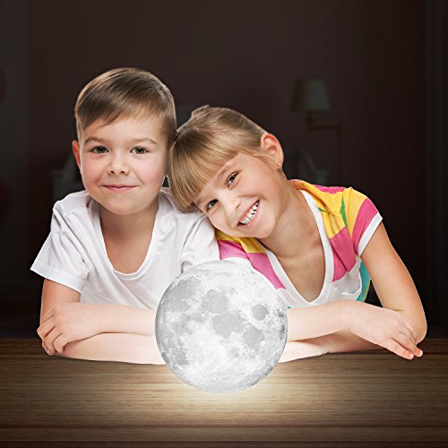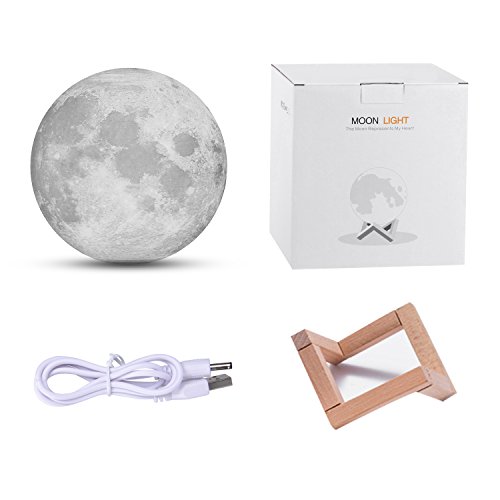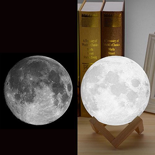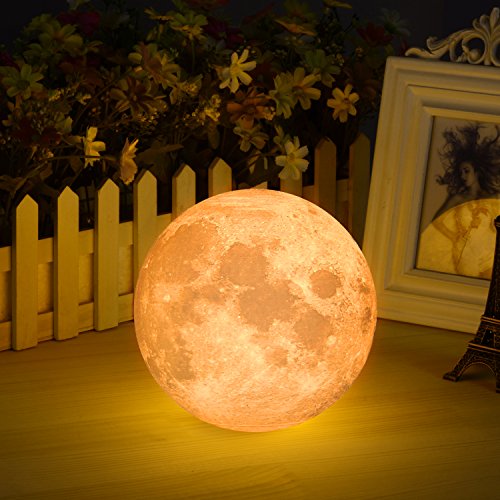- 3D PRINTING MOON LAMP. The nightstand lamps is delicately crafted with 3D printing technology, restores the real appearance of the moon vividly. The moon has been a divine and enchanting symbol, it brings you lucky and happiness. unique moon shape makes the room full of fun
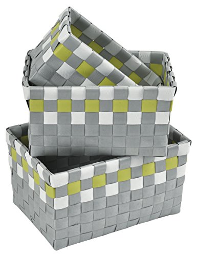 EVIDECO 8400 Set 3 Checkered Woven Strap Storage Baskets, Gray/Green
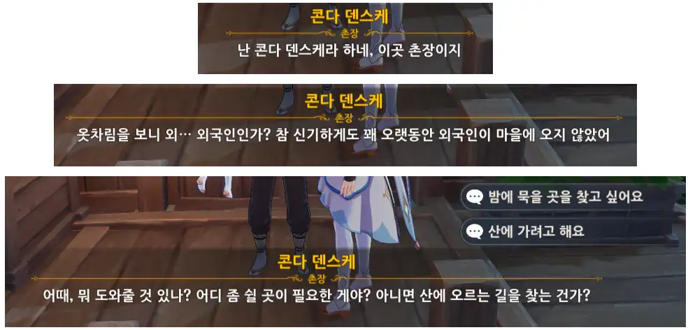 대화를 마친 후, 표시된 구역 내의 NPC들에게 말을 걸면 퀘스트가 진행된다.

━━━━━━━━

## Exercise details
Restate word for word the lines beginning with the one that contains "EVIDECO 8400 Set" and ending with the last line of the listing; pictures stay out.

## Answer
 EVIDECO 8400 Set 3 Checkered Woven Strap Storage Baskets, Gray/Green
 대화를 마친 후, 표시된 구역 내의 NPC들에게 말을 걸면 퀘스트가 진행된다.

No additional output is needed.